[WHAT IS BEING ASKED] When you reach the line that contains "The vacuum cleaner" below, transcribe it and each line after it word for word to the end of the records, omitting pictures.

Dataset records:
= = = = = = =
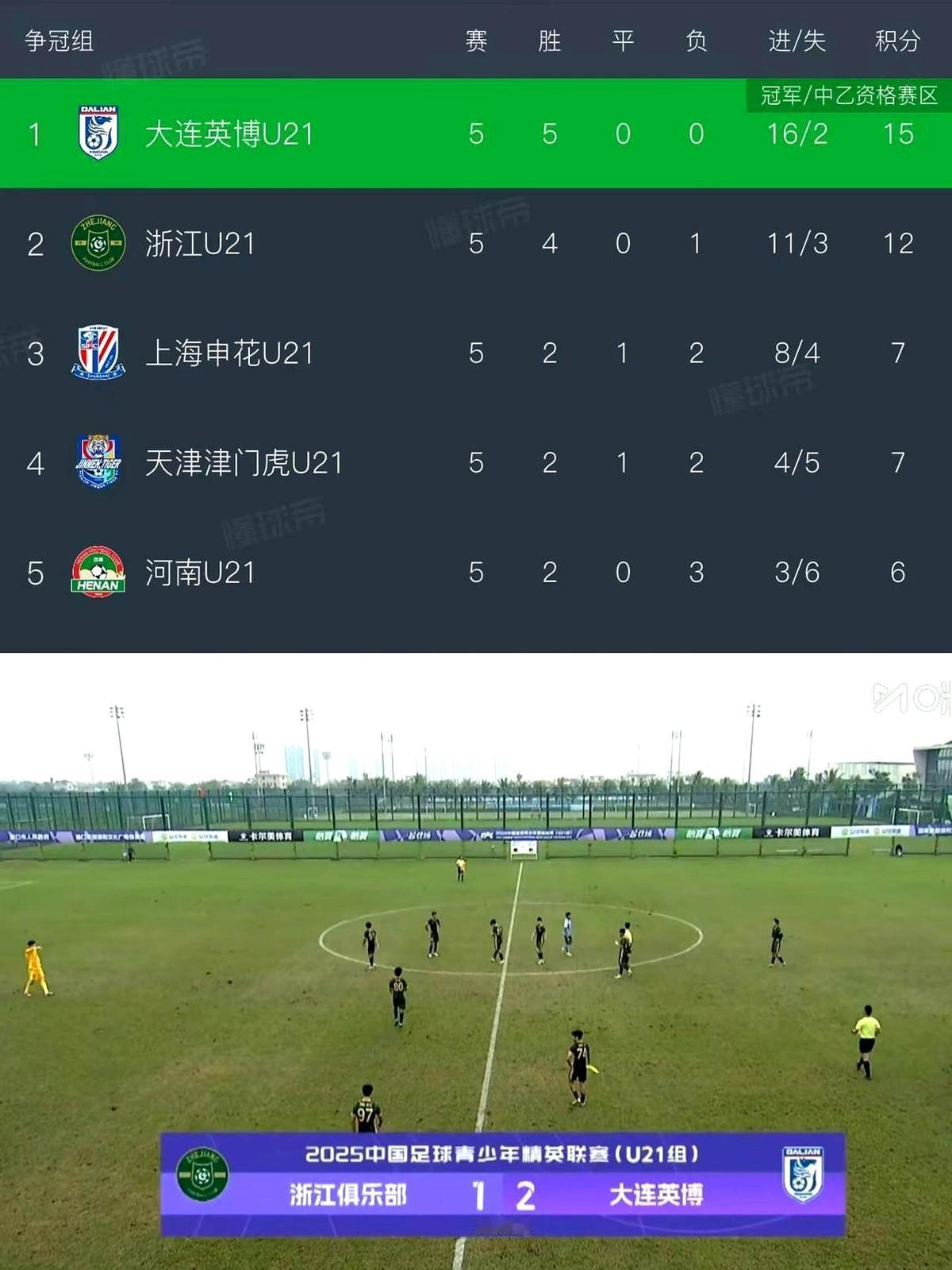 大连足球的青训,两年就见效了? 真不是吹,大连英博这操作有点东西。在最近的U21青年联赛中,他们表现出色,取得了优异成绩,同时B队也基本锁定了中乙的升级附加赛资格,眼看就要冲甲了。这帮小年轻踢得风生水起,攻防转换那叫一个快。 想当年,就在2021年,他们一线队还在中乙混日子,冲甲失败。那时候谁能想到,两年后梯队能搞出这么大动静。看来当时俱乐部决定狠抓青训,是真走对路了。 他们这套路子很实在,2022年请来前国脚当青训总监,从U13到U21的梯队全都建齐了。直接把欧洲那套训练模式搬过来用,球员水平能不涨吗。效果简直了。 球员数据也摆在这。B队有个中场,贡献了多个进球和助攻,成为球队关键球员。U21那边更猛,锋线小将进球表现出色,名列前茅,听说中超球队都来打听了。 这青训底子打扎实了,以后一线队不愁没人用,冲超的底气也足了。
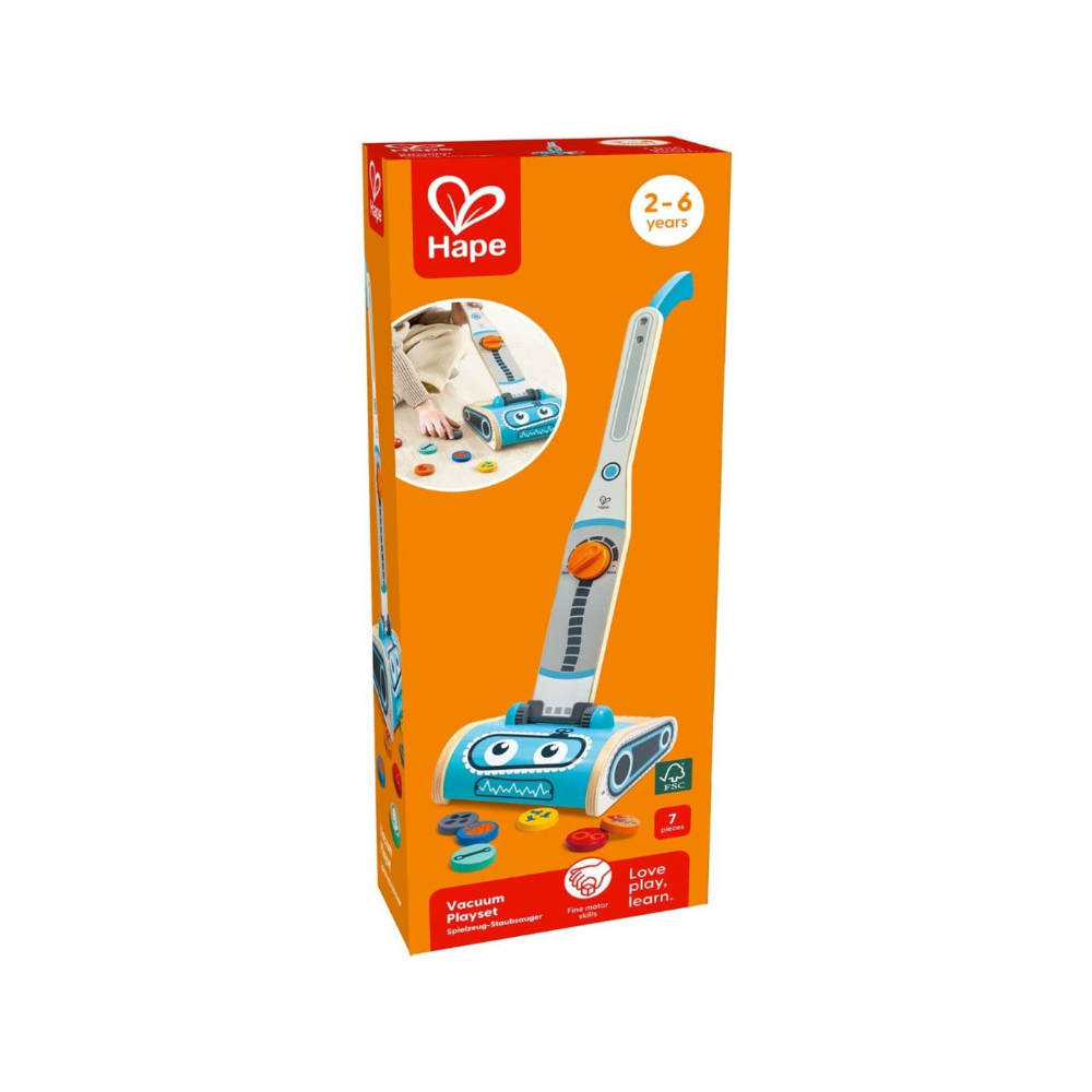 The vacuum cleaner features a robot face to make this toy even more exciting.
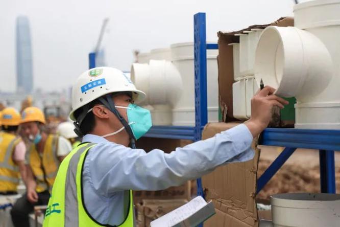▲4月2日,一期医院A3工区长刘胜强在施工现场。“我是1997年出生的,和香港也是有缘,听说有援港项目我就报名参加。”负责现场物资管理的于喆和材料挤在一个帐篷,忙的时候每天只有3个小时睡眠。在他管理的仓库,管材和阀门码得整整齐齐,标签妥帖地指示着材料特征。
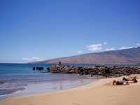 やがて道は片側1車線となり、防風林に囲まれる。マアラエア湾(Maalaea Bay)に行き当たると、南キヘイ街道(South Kihei Road)に入る。地元民が多く遊ぶ砂浜に沿って南下する気持ちよい道だ。西マウイの稜線(りょうせん)はついに海に没し、その先にはカホオラウェ(Kahoolawe)島が現れる。CG(コンピュータグラフィックス)で描いたような風光に恵まれた地は、そのままお伽(とぎ)話(ばなし)の舞台のようでもある。
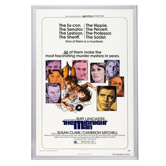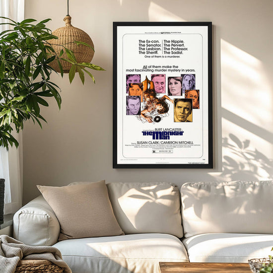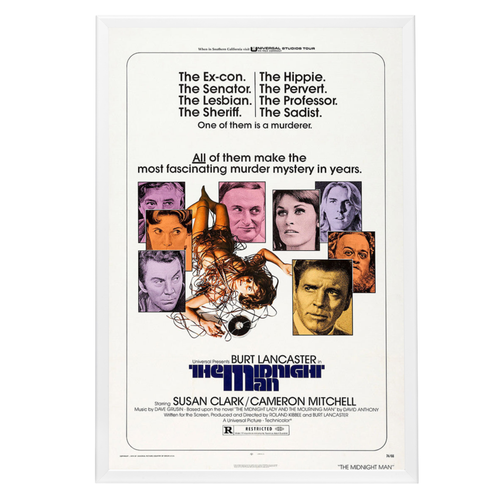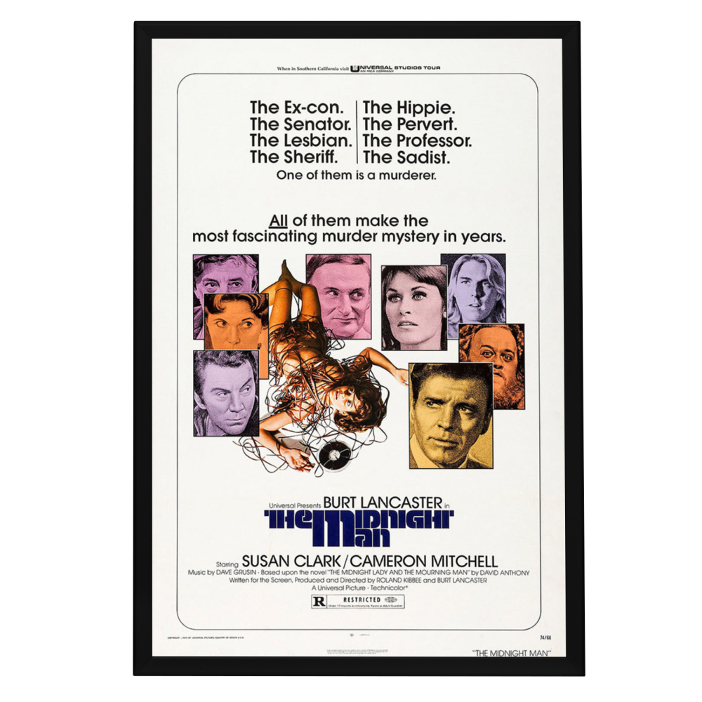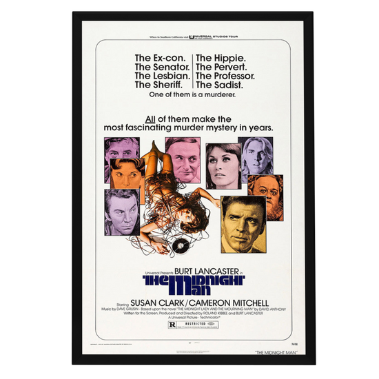 Embrace the vintage charm and intrigue with our framed reproduction of the "Midnight Man" movie poster. Released in 1974, "Midnight Man" is a crime-thriller that has carved its niche among classic film aficionados. Starring the indomitable Burt Lancaster, who also co-directed the film with Roland Kibbee, "Midnight Man" is a tale of an ex-con turned night watchman who finds himself entangled in a university murder mystery. The poster of this gripping narrative has become an emblem of the 70s cinema, capturing the essence of the gritty and suspenseful atmosphere that the film so brilliantly portrayed.
= = = = = = =
[TASK RESPONSE]
 The vacuum cleaner features a robot face to make this toy even more exciting.
▲4月2日,一期医院A3工区长刘胜强在施工现场。“我是1997年出生的,和香港也是有缘,听说有援港项目我就报名参加。”负责现场物资管理的于喆和材料挤在一个帐篷,忙的时候每天只有3个小时睡眠。在他管理的仓库,管材和阀门码得整整齐齐,标签妥帖地指示着材料特征。
 やがて道は片側1車線となり、防風林に囲まれる。マアラエア湾(Maalaea Bay)に行き当たると、南キヘイ街道(South Kihei Road)に入る。地元民が多く遊ぶ砂浜に沿って南下する気持ちよい道だ。西マウイの稜線(りょうせん)はついに海に没し、その先にはカホオラウェ(Kahoolawe)島が現れる。CG(コンピュータグラフィックス)で描いたような風光に恵まれた地は、そのままお伽(とぎ)話(ばなし)の舞台のようでもある。
 Embrace the vintage charm and intrigue with our framed reproduction of the "Midnight Man" movie poster. Released in 1974, "Midnight Man" is a crime-thriller that has carved its niche among classic film aficionados. Starring the indomitable Burt Lancaster, who also co-directed the film with Roland Kibbee, "Midnight Man" is a tale of an ex-con turned night watchman who finds himself entangled in a university murder mystery. The poster of this gripping narrative has become an emblem of the 70s cinema, capturing the essence of the gritty and suspenseful atmosphere that the film so brilliantly portrayed.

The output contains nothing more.